Когда-то, в далёком и туманном прошлом, человечка звали совсем иначе, но долгие годы, проведённые на этой проклятой свалке, безжалостно стёрли прежнее имя из памяти.

Иногда, перед самым сном, когда сознание слегка отпускало и защитные барьеры разума ослабевали, в голове мелькали обрывки звуков, похожих на имя. Они звучали мягко и ласково, совсем не так, как грубое «Тырод». В них слышалась любовь, забота, что-то тёплое и человечное.

Но эти звуки растворялись прежде, чем он успевал их ухватить и собрать в единое целое, исчезали, как утренний туман под лучами солнца, которого он никогда не видел. Осталось только презрительное «ты, урод», которое надсмотрщики выкрикивали изо дня в день, со временем слившееся и превратившееся в Тырода. Теперь это было его единственное имя, его суть, его приговор. Иногда он задумывался, было ли у него когда-то другое имя на самом деле, или это всего лишь иллюзия, игра больного разума?

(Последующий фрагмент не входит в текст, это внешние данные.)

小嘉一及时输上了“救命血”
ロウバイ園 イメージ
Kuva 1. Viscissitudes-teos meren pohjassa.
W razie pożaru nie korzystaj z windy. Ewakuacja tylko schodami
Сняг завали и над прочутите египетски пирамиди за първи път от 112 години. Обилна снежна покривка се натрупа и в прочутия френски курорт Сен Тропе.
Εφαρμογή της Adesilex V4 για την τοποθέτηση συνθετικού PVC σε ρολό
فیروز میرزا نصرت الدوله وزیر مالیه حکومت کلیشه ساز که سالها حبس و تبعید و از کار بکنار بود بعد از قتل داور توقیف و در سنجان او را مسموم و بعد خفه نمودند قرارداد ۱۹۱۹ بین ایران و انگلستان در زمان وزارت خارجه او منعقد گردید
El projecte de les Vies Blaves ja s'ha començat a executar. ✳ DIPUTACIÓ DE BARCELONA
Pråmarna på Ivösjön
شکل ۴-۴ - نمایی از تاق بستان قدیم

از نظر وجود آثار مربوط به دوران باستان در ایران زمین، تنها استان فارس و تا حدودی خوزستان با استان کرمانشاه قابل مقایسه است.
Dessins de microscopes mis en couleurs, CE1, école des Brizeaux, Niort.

Испуганно пригнувшись и инстинктивно защищая голову худыми руками, Тырод торопливо принялся разбирать привезённый мусор. Пальцы привычно скользили по отбросам, автоматически сортируя их по видам. Это пластик, это металл, это стекло, это органика. Движения были отточены годами, доведены до автоматизма, не требовали участия сознания. Руки работали сами по себе, пока разум витал где-то далеко.

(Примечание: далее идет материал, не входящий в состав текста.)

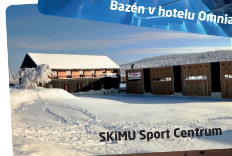
SKiMU Sport Centrum
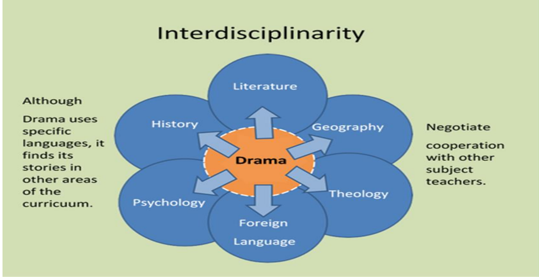
Şekil 1. Dramanın disiplinler arası kullanım potansiyeli (Özgül, 2015).

Aşağıdaki görselde dramanın farklı disiplinlerle olan ilişkisi görülmektedir.
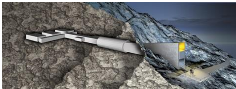
Slika 2. Nacrt Globalnog skladišta sjemena na Svalbardu

Banke sjemena su ustanove koje pohranjuju sjeme različitih vrsta biljaka kako bi ih se očuvalo od različitih prirodnih katastrofa kao što su ratovi, bolesti, potresi i slični događaji zbog kojih bi sjeme moglo nestati. U njima se čuvaju različite vrste usjeva pa sve do sjemena rijetkih i najugroženijih vrsta koje bi mogle iskorijeniti (Salkić, B., 2014).
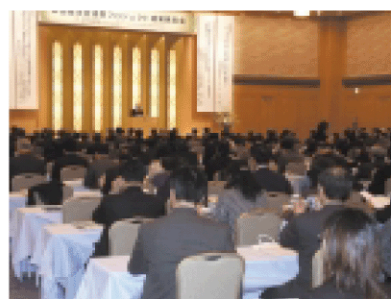
四国産学官連携プロジェクト成果発表会 (地域と両省が連携して推進する事業の成果を発表)

地域ごとに両省の事業の成果に関する合同成果発表会を年1回程度開催し、関係事業の参加者の間で情報交換を行っています。
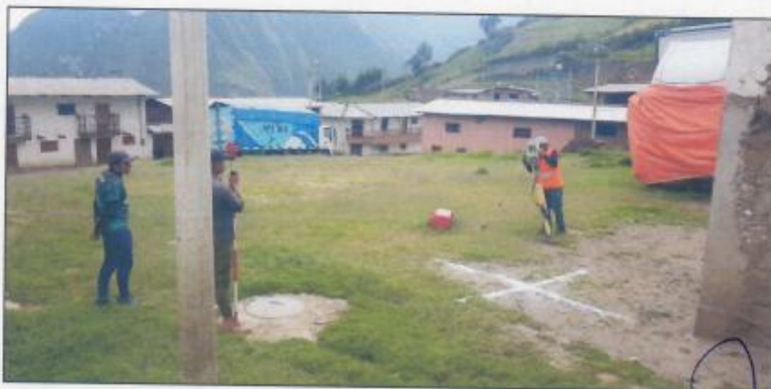
Fig. Muestra la inexistencia de espacio de esparcimiento.

ING. NINA ENCARNACIÓN GIRALDO INGENIERO CIVIL REG. CIP N° 82588
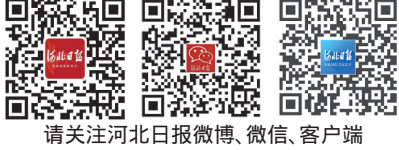
请关注河北日报微博、微信、客户端

Это была его персональная куча, и разобрать её следовало в полном одиночку, причём как можно быстрее, иначе наказание будет жестоким. Надсмотрщики не терпели медлительности, считая её признаком лени, хотя истощённое тело просто не могло работать быстрее. Каждое движение давалось с трудом, мышцы ныли от постоянного напряжения, суставы скрипели, как ржавые петли.

Пока работа не будет завершена полностью, до последнего куска мусора, ему не видать нормальной, в его жалком понимании, еды. Лишь дважды в день всем разборщикам полагался неполный, едва наполовину заполненный котелок отвратительной серой бурды с комками непонятного происхождения. Иногда в этой массе попадались твёрдые куски, которые невозможно было разжевать, и их приходилось выплёвывать.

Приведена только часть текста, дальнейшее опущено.